Data to examine section start

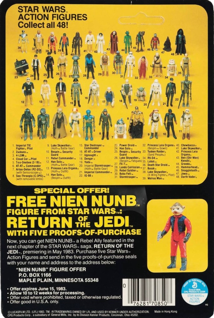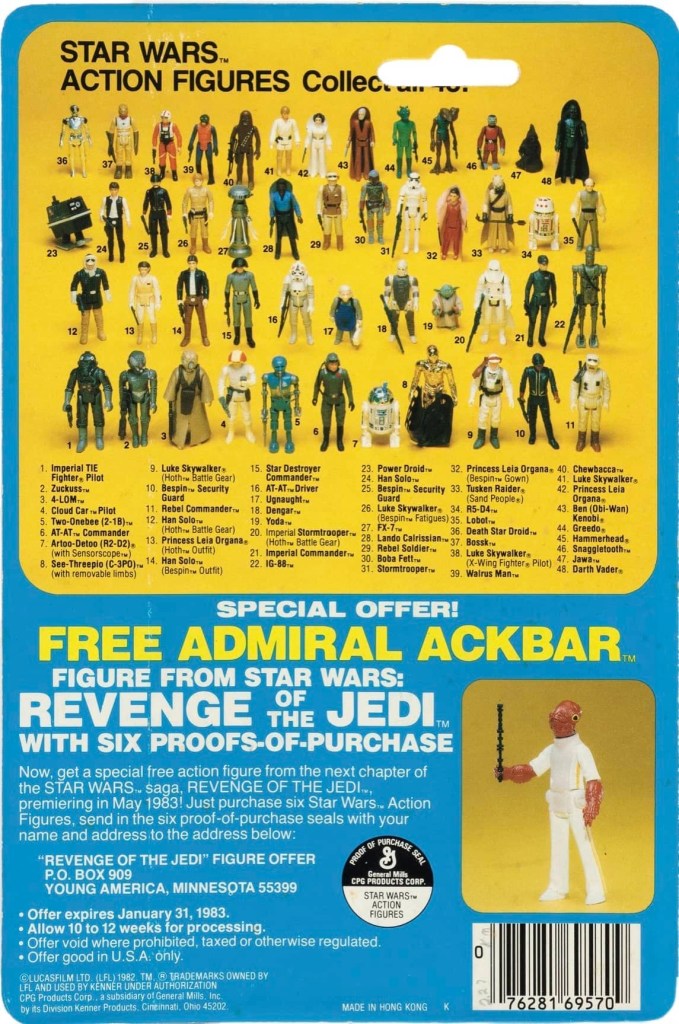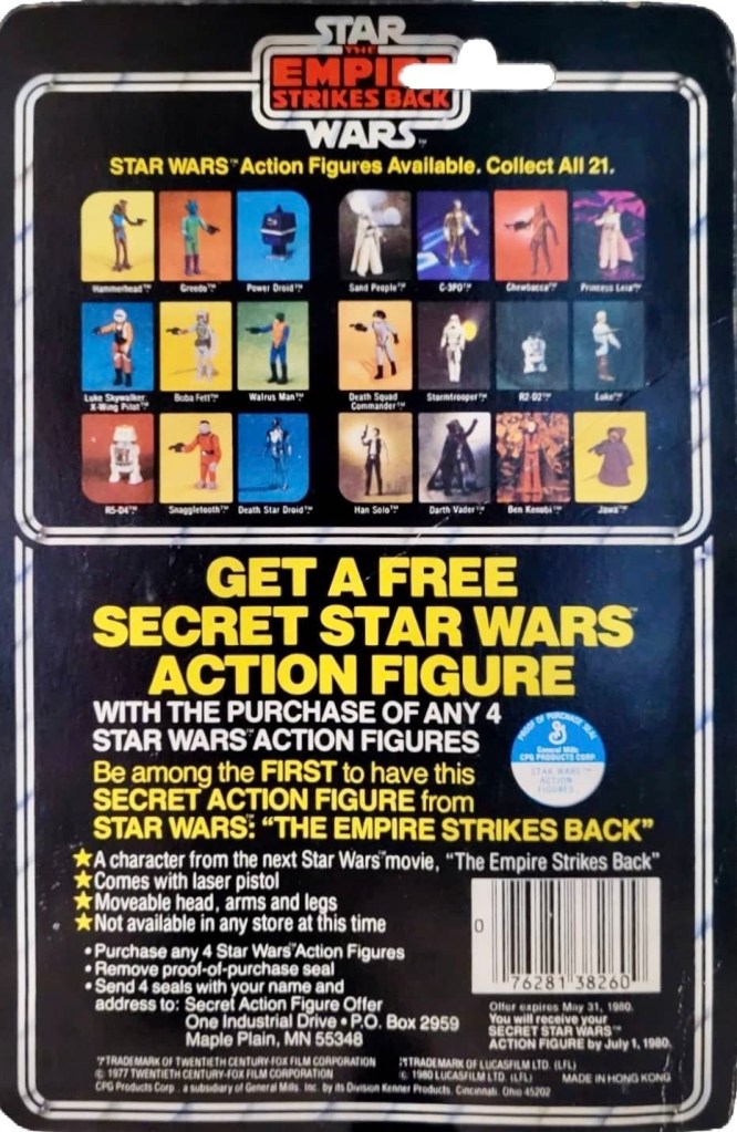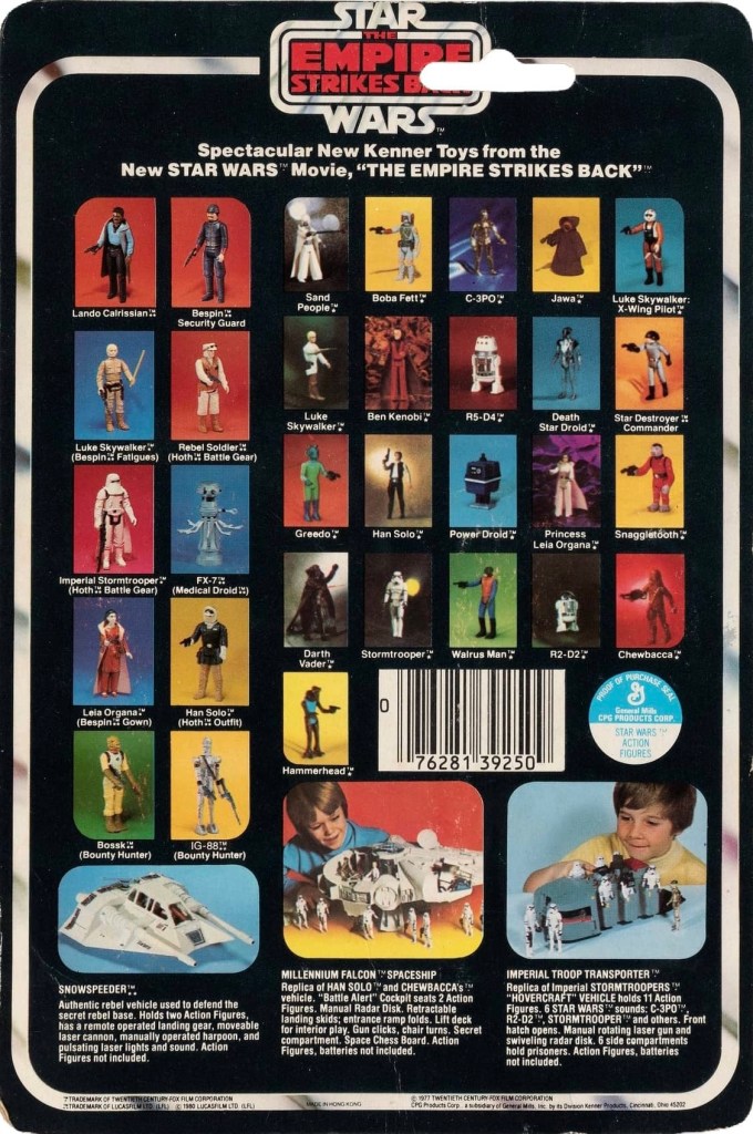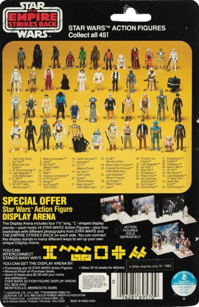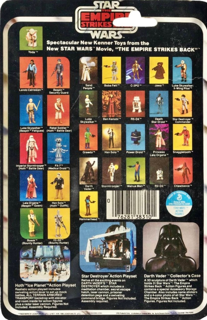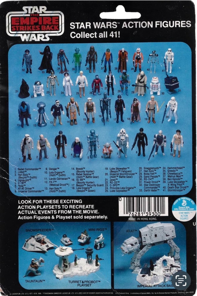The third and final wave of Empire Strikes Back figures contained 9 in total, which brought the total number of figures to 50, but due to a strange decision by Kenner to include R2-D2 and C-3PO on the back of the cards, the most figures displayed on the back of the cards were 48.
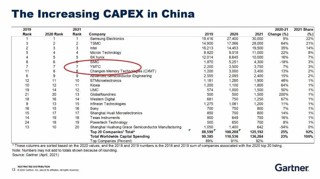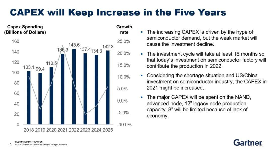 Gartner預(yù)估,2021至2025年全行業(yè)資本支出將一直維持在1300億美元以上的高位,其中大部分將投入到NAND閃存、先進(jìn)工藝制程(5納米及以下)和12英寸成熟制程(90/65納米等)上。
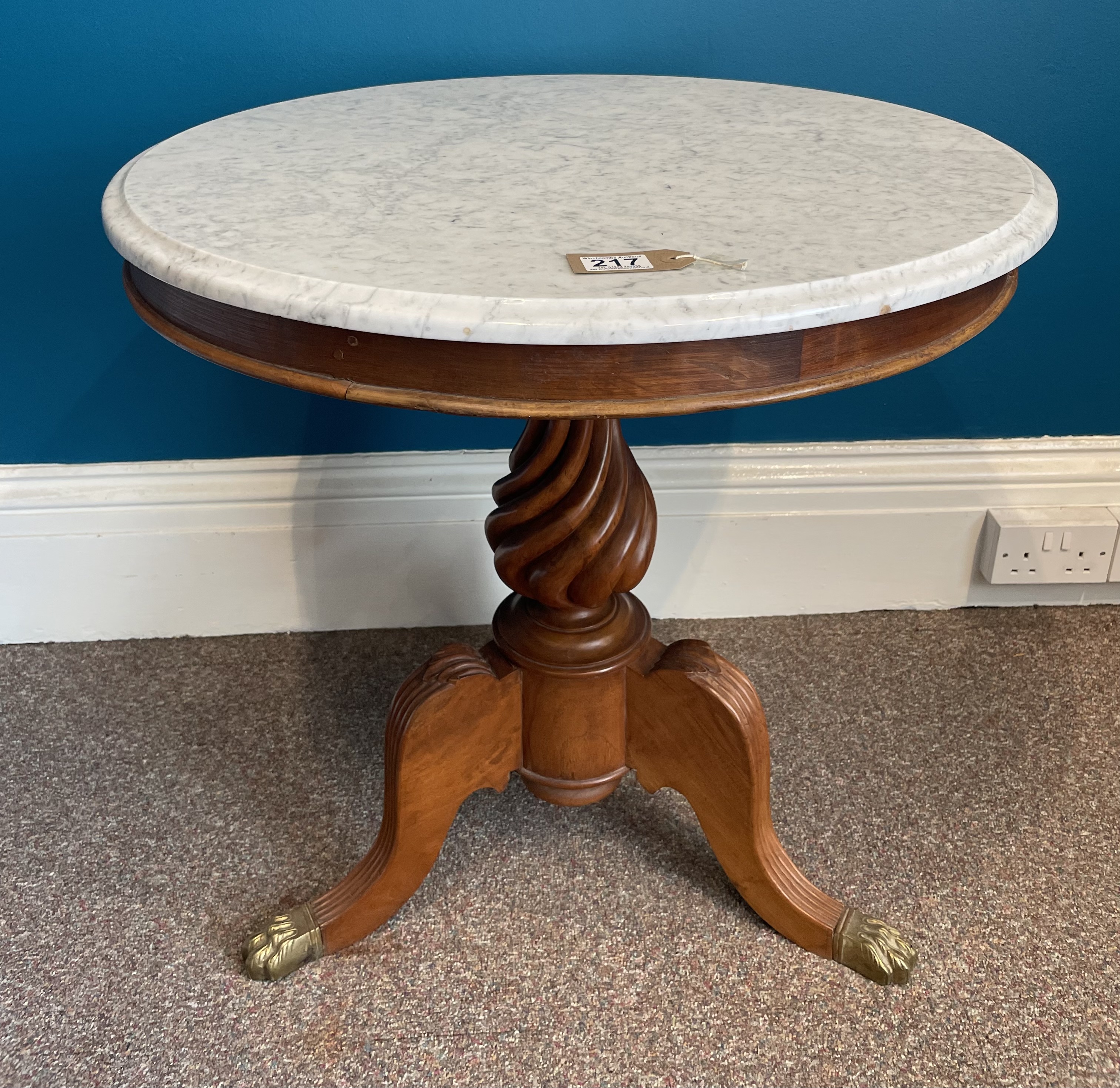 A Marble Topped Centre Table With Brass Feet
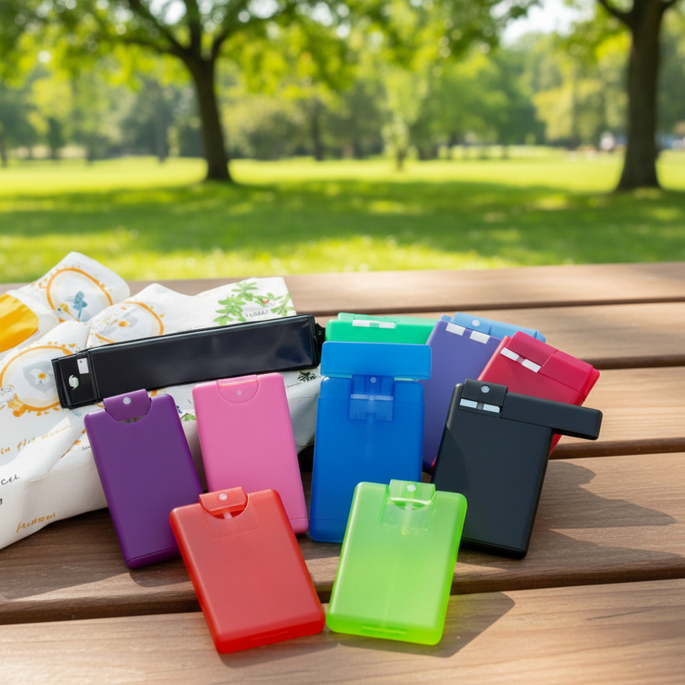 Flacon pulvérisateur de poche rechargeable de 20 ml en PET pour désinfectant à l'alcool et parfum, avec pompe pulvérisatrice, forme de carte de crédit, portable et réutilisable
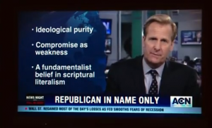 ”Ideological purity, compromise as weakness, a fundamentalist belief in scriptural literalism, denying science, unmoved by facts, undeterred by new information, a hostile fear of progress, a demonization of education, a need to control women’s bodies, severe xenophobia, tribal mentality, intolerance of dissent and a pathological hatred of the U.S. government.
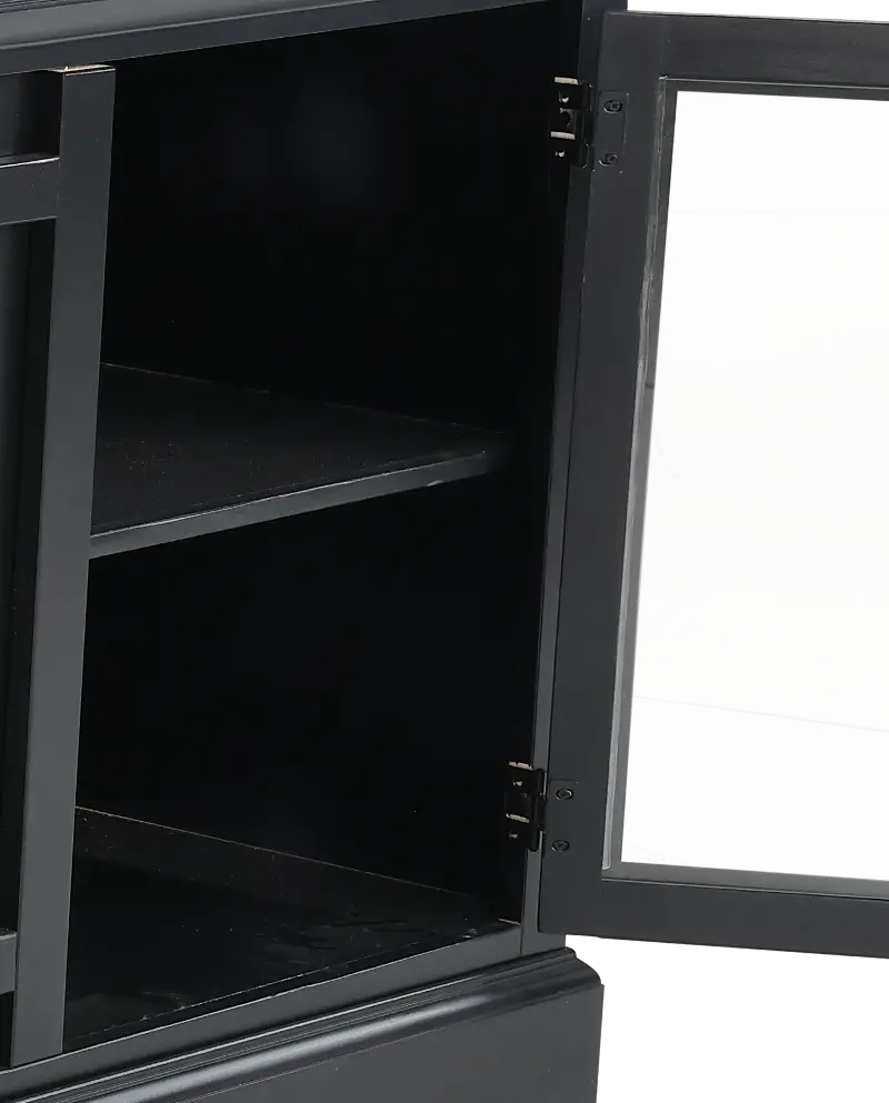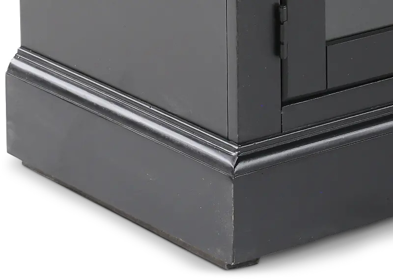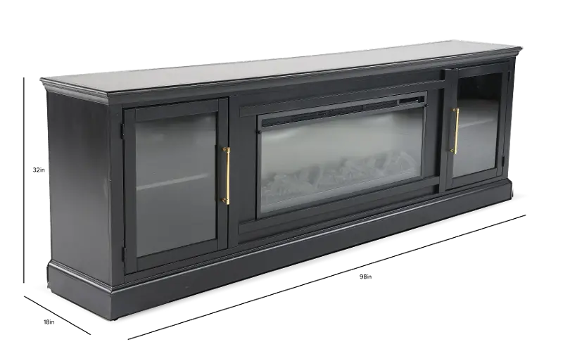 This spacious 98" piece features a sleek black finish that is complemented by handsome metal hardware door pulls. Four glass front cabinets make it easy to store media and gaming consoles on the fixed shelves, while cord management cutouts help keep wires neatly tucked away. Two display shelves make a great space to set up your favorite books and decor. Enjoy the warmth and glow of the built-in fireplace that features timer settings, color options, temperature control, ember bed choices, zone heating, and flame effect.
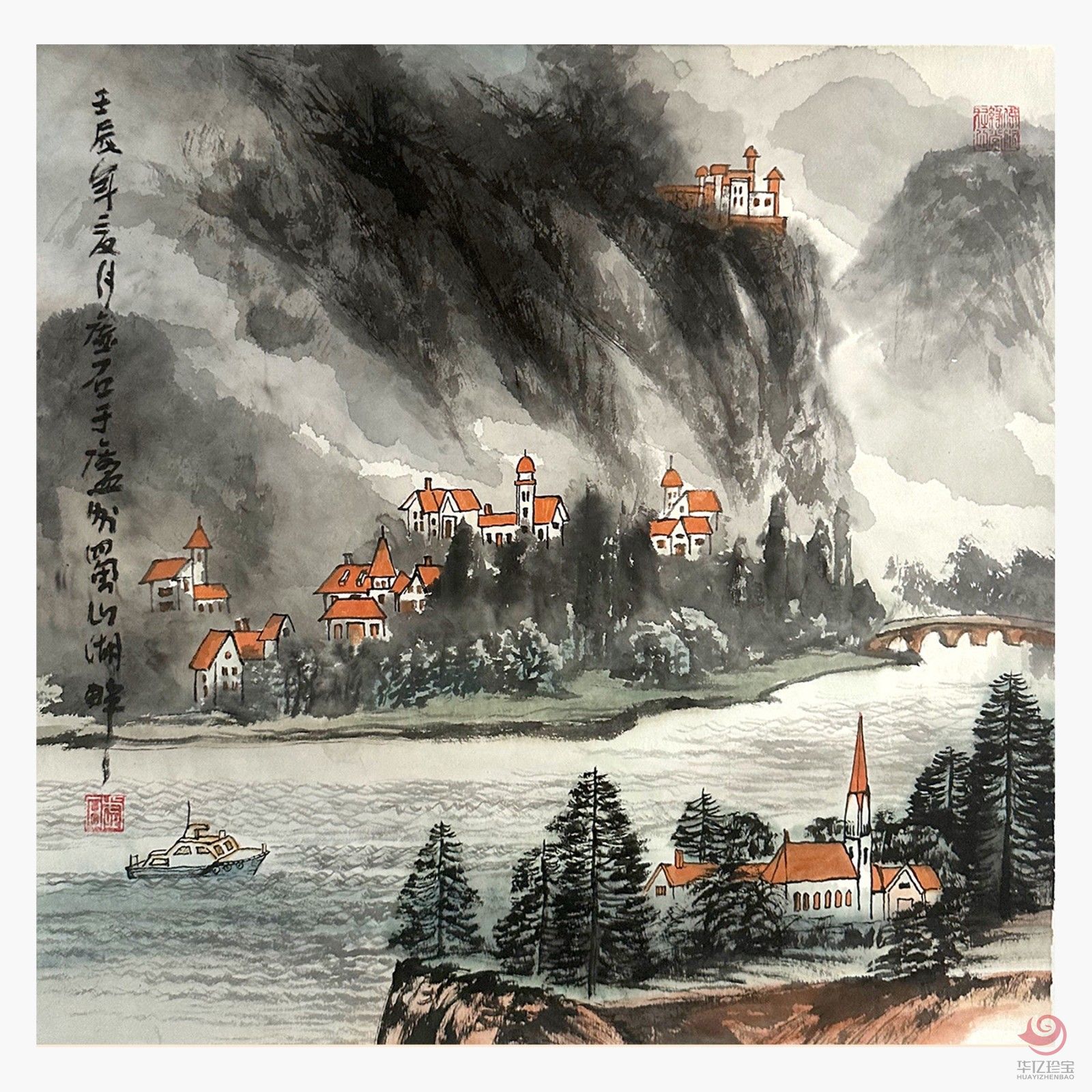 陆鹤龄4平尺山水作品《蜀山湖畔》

Data to examine section end

> The task
In the listing above, find the line with "A Marble Topped Centre Table With Brass Feet" and the line with "Flacon pulvérisateur de". Copy exactly those lines and all between them, minus the images.

> Response for this exercise
 A Marble Topped Centre Table With Brass Feet
 Flacon pulvérisateur de poche rechargeable de 20 ml en PET pour désinfectant à l'alcool et parfum, avec pompe pulvérisatrice, forme de carte de crédit, portable et réutilisable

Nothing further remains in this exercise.